How to Remove Square Brackets from a List using Python

Python lists are displayed with square brackets by default when printed. Sometimes you need to display list contents without these brackets for better formatting or presentation purposes. This article covers six different methods to remove square brackets from Python lists.

Method 1: Using str() and replace()

The simplest approach is to convert the list to a string and replace the bracket characters with empty strings

# List containing elements
names = ["Jack", "Harry", "Sam", "Daniel", "John"]

# Convert to string and remove brackets
result = str(names).replace('[', '').replace(']', '')
print(result)
'Jack', 'Harry', 'Sam', 'Daniel', 'John'

Method 2: Using List Comprehension with join()
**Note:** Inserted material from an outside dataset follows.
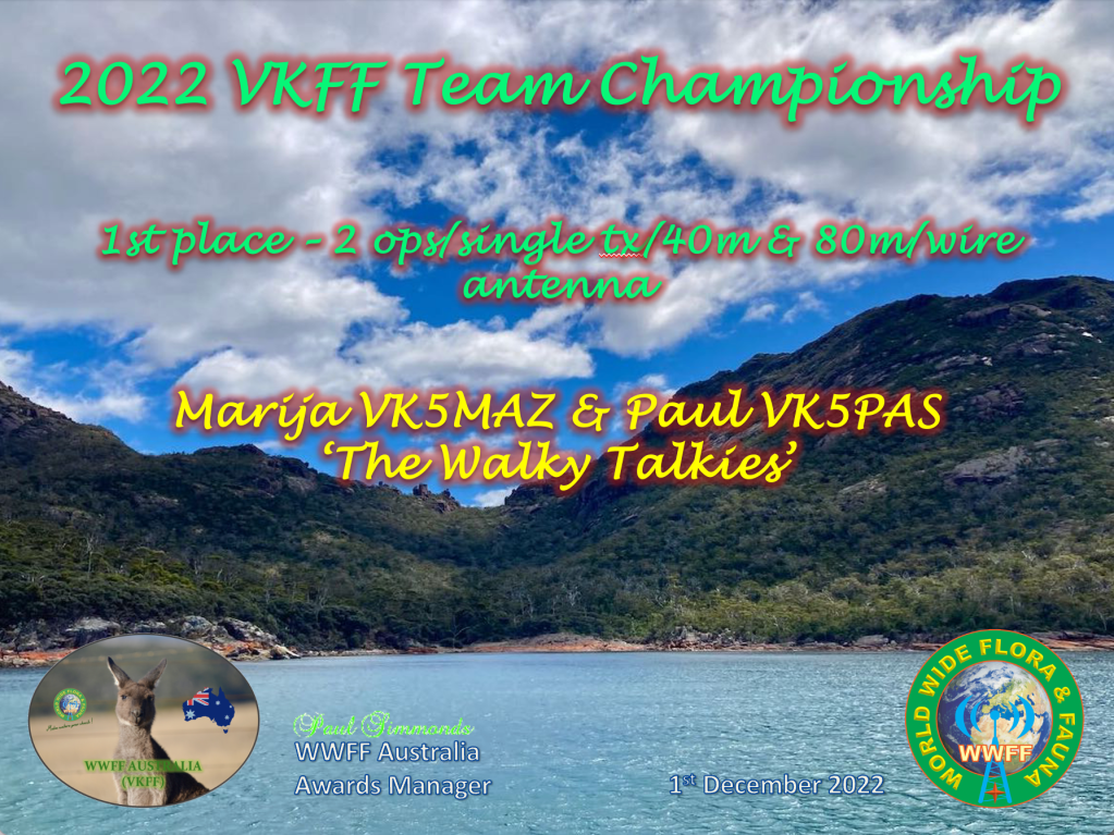 Marija VK5MAZ and I took part in the 2022 VKFF Team Championship. We entered into the 2 ops/single tx/40m & 80m/wire antenna category. In fact we were the only entrants in that category of all nine teams that entered.

This method converts each element to a string and joins them with a separator

# List with elements
letters = ['A', 'B', 'C', 'D', 'E']

# Join elements with comma and space
result = ', '.join([str(element) for element in letters])
print(result)
A, B, C, D, E

Method 3: Using map() with join()

The map() function applies str() to each element, then join() combines them

# List with numbers
numbers = [1, 2, 3, 4, 5]

# Convert to strings and join
result = ', '.join(map(str, numbers))
print(result)
1, 2, 3, 4, 5

Method 4: Using strip()

Convert the list to string and strip the first and last bracket characters

# List with elements
items = ['P', 'Q', 'R', 'S', 'T']

# Convert to string and strip brackets
result = str(items).strip('[]')
print(result)
'P', 'Q', 'R', 'S', 'T'

Method 5: Using re Module

Regular expressions can match and replace bracket patterns

import re

# List with numbers
data = [1, 2, 3, 4, 5]

# Remove brackets using regex
result = re.sub(r'[\[\]]', '', str(data))
print(result)
1, 2, 3, 4, 5

Method 6: Using translate()

Create a translation table to remove specific characters

# List with numbers
values = [1, 2, 3, 4, 5]

# Create translation table and remove brackets
result = str(values).translate(str.maketrans('', '', '[]'))
print(result)
1, 2, 3, 4, 5

Comparison

Method Best For Readability Performance
join() with comprehension Clean formatting High Fast
map() with join() Functional programming High Fast
replace() Quick solutions Medium Medium
strip() Simple lists High Fast
re.sub() Complex patterns Low Slower
translate() Character removal Low Fast

Conclusion

Use join() with list comprehension or map() for clean, readable output formatting. For simple bracket removal from string representations, strip() or replace() work well. Choose the method that best fits your specific use case and coding style.